REPUBLIKA.CO.ID, JAKARTA--Pemerintah diharapkan tidak melakukan monopoli dalam sertifikasi halal. Badan halal swasta harus tetap ada untuk ikut menjalankan sertifikasi tersebut.
Fraksi Partai Kebangkitan Bangsa (FPKB) DPR RI mendukung adanya lembaga sertifikasi halal swasta. Salah satunya Badan Halal Nahdlatul Ulama (BHNU).
Sekretaris FPKB DPR RI, Muhammad Hanif Dakhiri mengatakan, pemerintah bertanggungjawab untuk melindungi konsumen. Termasuk adanya jaminan produk halal. Namun, bukan melalui paksaan sertifikasi halal oleh pemerintah maupun bentukannya.
Di negara maju seperti Amerika dan Australia yang justru umat muslim menjadi minoritas, sertifikasi halal tidak dimonopoli. Menurut Hanif, yang perlu digarisbawahi, Indonesia mayoritas penduduknya muslim, semua produk harus diasumsikan halal, kecuali yang sudah jelas-jelas diketahui haram.
"Tapi sebagai kewaspadaan sertifikasi tetap harus dilakukan, namun tidak dengan cara pemaksanaan pelaksanaannya oleh pemerintah atau instansi bentukannya," kata Hanif pada Republika, Kamis (21/2).
Menurut Hanif, sertifikasi halal harusnya dilaksanakan dengan sifat tak wajib. Namun dengan sukarela oleh produsen produk makanan dan jasa yang dipasarkan di tengah masyarakat.
Meskipun tidak wajib, kata Hanif, secara teori, semua produsen membutuhkan sertifikasi halal di Indonesia. Sebab, mereka butuh penerimaan dari masyarakat muslim Indonesia.
Ia menambahkan, sertifikat halal merupakan hak ulama sebagai pemegang otoritas agama di masyarakat. Dalam konteks ini, semua organisasi tempat berhimpun ulama seperti Nahdlatul Ulama, Muhammadiyah dan lain, berhak mengeluarkan sertifikat halal. Tapi harus tetap memenuhi kompetensi yang disyaratkan.

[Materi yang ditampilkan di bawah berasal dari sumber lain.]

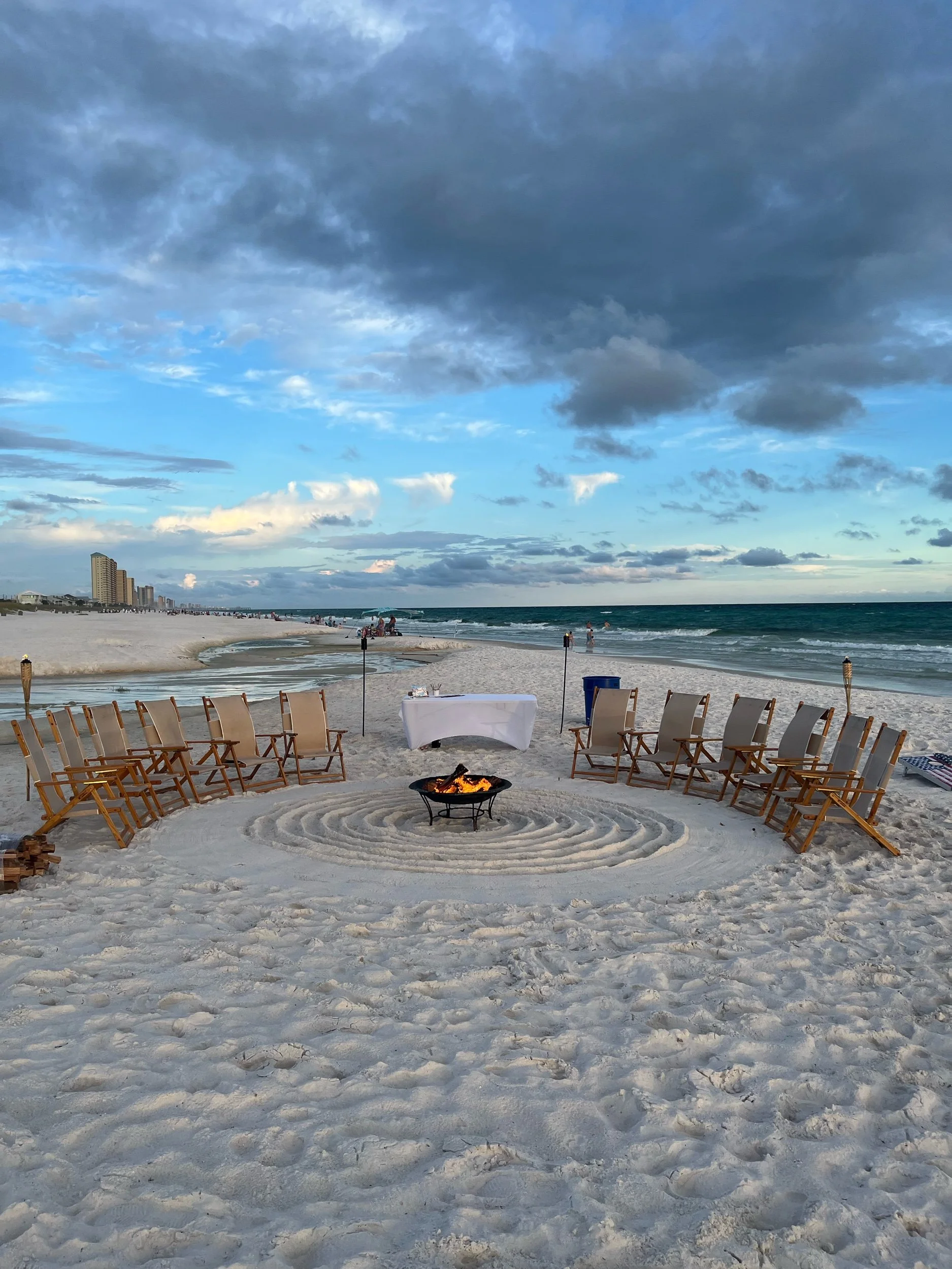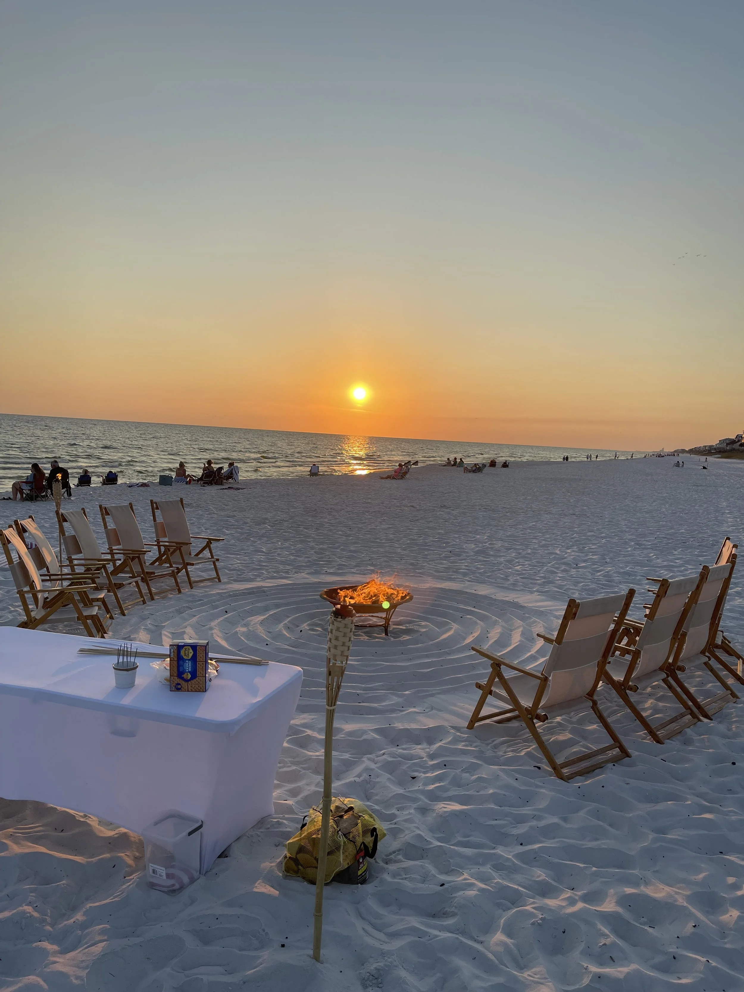 Text or call 850-598-3276 to book today Salt & Smoke Beach Co. Salt & Smoke Beach Co. Salt & Smoke Beach Co. Fun N Sun $300.00 Bring your own chairs $200.00 Deluxe Fire $375.00 Basic Fire $275.00 Date Night $225.00 Call or Text 850-598-3276 to book your fire today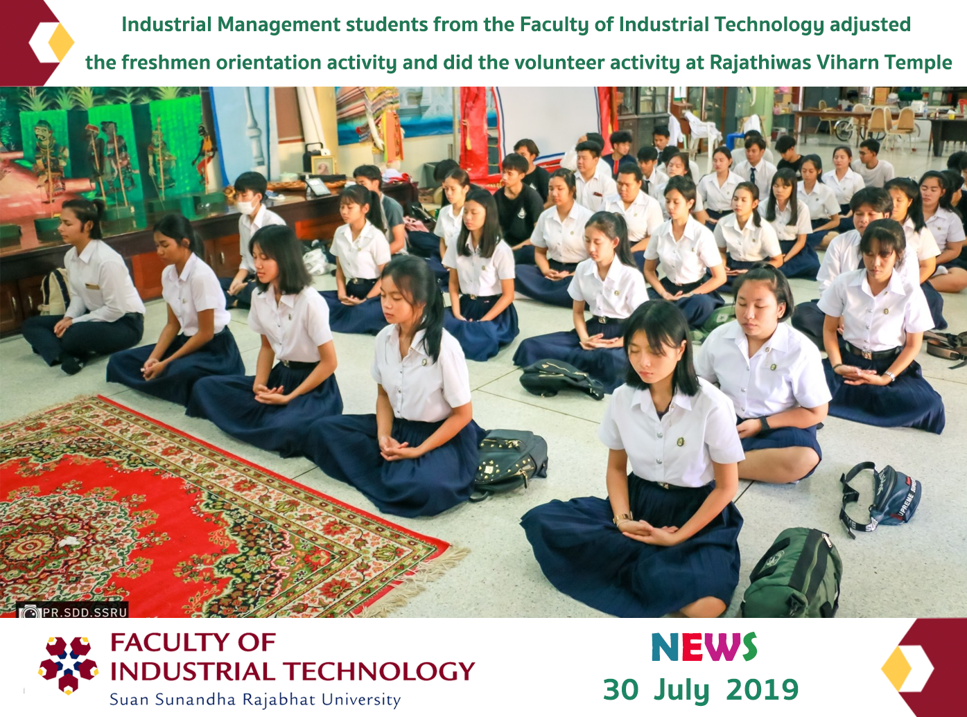 Industrial Management students from the Faculty of Industrial Technology adjusted the freshmen orientation activity and did the volunteer activity at Rajathiwas Viharn Temple

"Kalau hanya satu lembaga bentukan pemerintah, kesannya sudah terjadi monopoli. Itu tidak sehat, karena selain akan menjadikan biaya sertifikasi tinggi, birokrasinya yang memakan waktu lama juga akan memberatkan produsen," tegas Hanif.
FPKB DPR RI mendorong pemerintah tidak bertindak sebagai pelaksana sertifikasi halal. Peran pemerintah lebih untuk akreditasi pihak swasta seperti organisasi ulama memenuhi syarat agar dapat mengeluarkan sertifikasi halal. Dengan begitu, masyarakat memiliki banyak pilihan untuk mendapatkan sertifikat halal.

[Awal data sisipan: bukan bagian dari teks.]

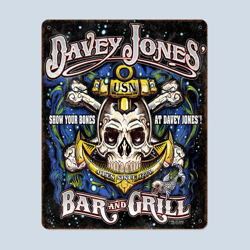 From the 7.62 Design licensed collection, this USN Davey Jones measures 12 inches by 15 inches and weighs in at 2 lb(s). We hand make all of our signs in the USA using heavy gauge American steel. These metal prints are made to last and make great gifts for any occasion.This is drilled and riveted for easy hanging.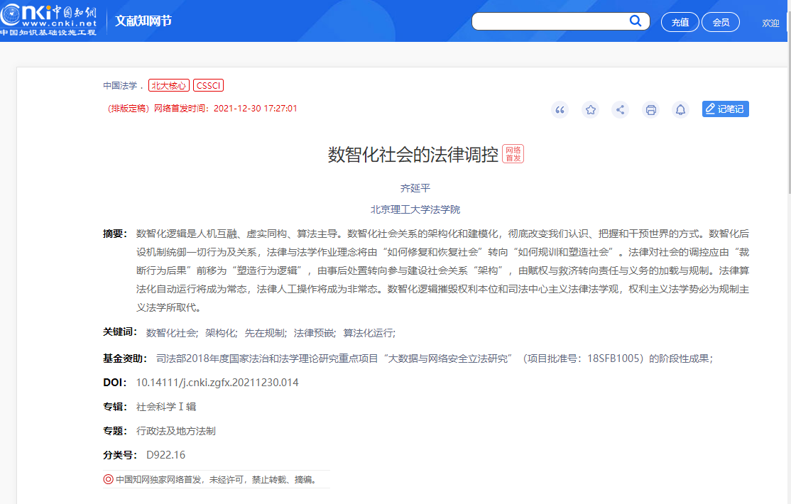 北理工法学院齐延平教授在国内法学顶级期刊《中国法学》发表论文2022-01-05 -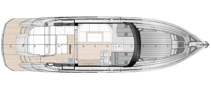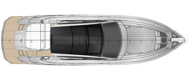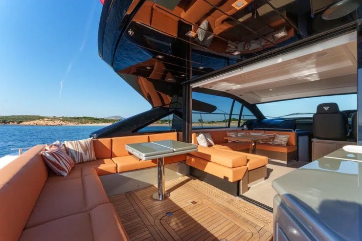 Dal bagno di poppa si accede a una plancetta idraulica robusta che agevola tender e giochi d’acqua. Il pozzetto integra una dinette modulare, mobile bar completo e prendisole su due livelli. L’hard top—con apertura ampia—estende l’ombreggiamento sul salone di coperta. I passavanti larghi, con tientibene continui, portano al solarium di prua, configurabile con schienali regolabili.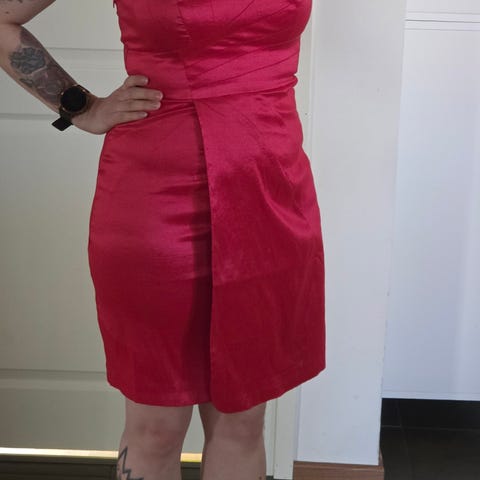 Vila juhlamekko, koko S, vuorillinen, irroitettavat olkaimet, 100% polyesteri.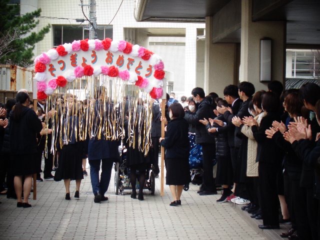 花道でのエールを受け、校門を後にする卒業生。新たな人生のステージに向けた旅立ちの日を祝福するように、やわらかな光がその姿を包んでいました。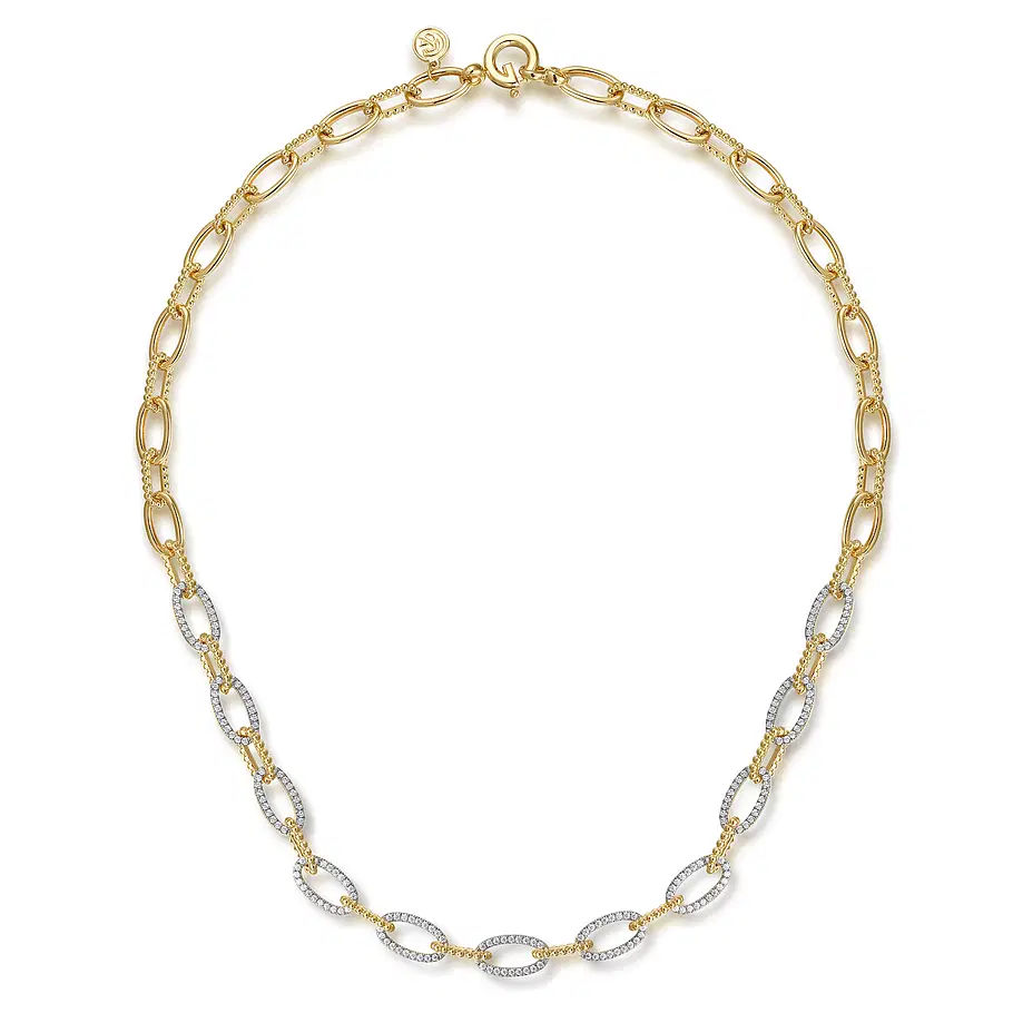 14K Yellow-White Chain Necklace woth Oval Pave Diamond Stations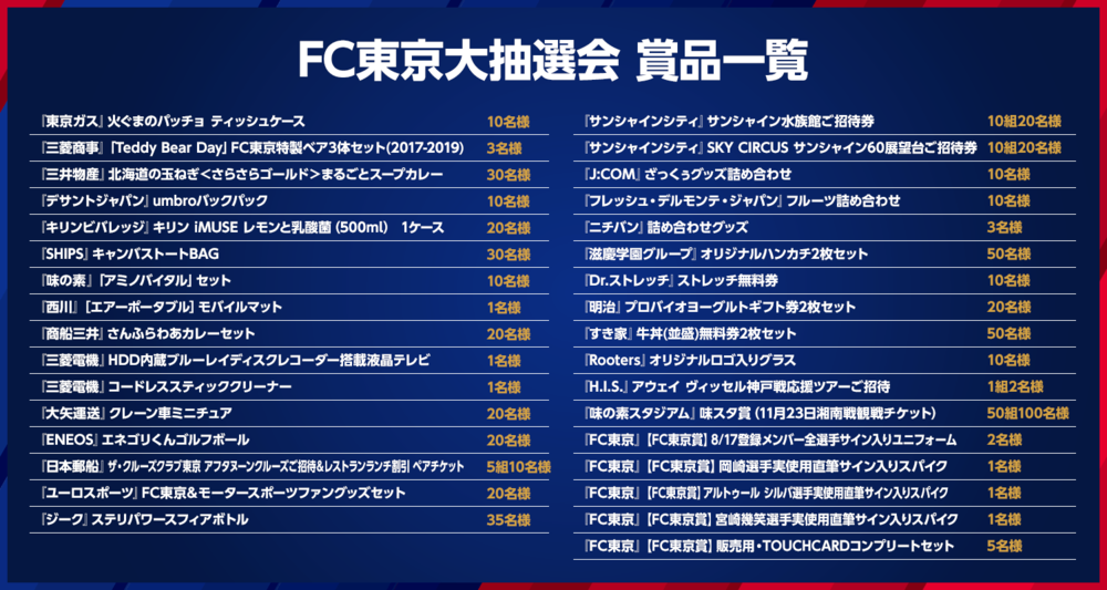 【8/15(木)追記】FC東京大抽選会の景品を追記しました。ぜひ奮ってご参加ください!

Wakil Menteri Agama, Nasaruddin Umar mengatakan, dalam draf Rancangan Undang-Undang yang dikonsepkan pemerintah, memang masih menyebut Majelis Ulama Indonesia sebagai satu-satunya badan halal.
Pemerintah, kata wamenag, harus terlibat dalam jaminan produk halal ini bahkan sampai tingkat operasional. Pasalnya, dalam konstitusi nasional selalu mengacu pada dua hukum, syariah dan hukum positif.
Menurut Nasaruddin, penyelesaian masalah badan halal ini diperlukan musyawarah antara pihak yang berkepentingan. Jangan sampai masyarakat dibuat bingung dan justru dirugikan dengan badan halal yang tidak kunjung selesai.
Kalaupun ada ormas yang ingin membentuk badan halal, tidak menjadi masalah. Namun, pemerintah tetap harus mengambil peran sebagai fungsinya dalam jaminan produk halal pada masyarakat.
"Kita tetap akan memberikan hak keputusan pada ulama untuk mengeluarkan sertifikasi," ungkap dia di Jakarta.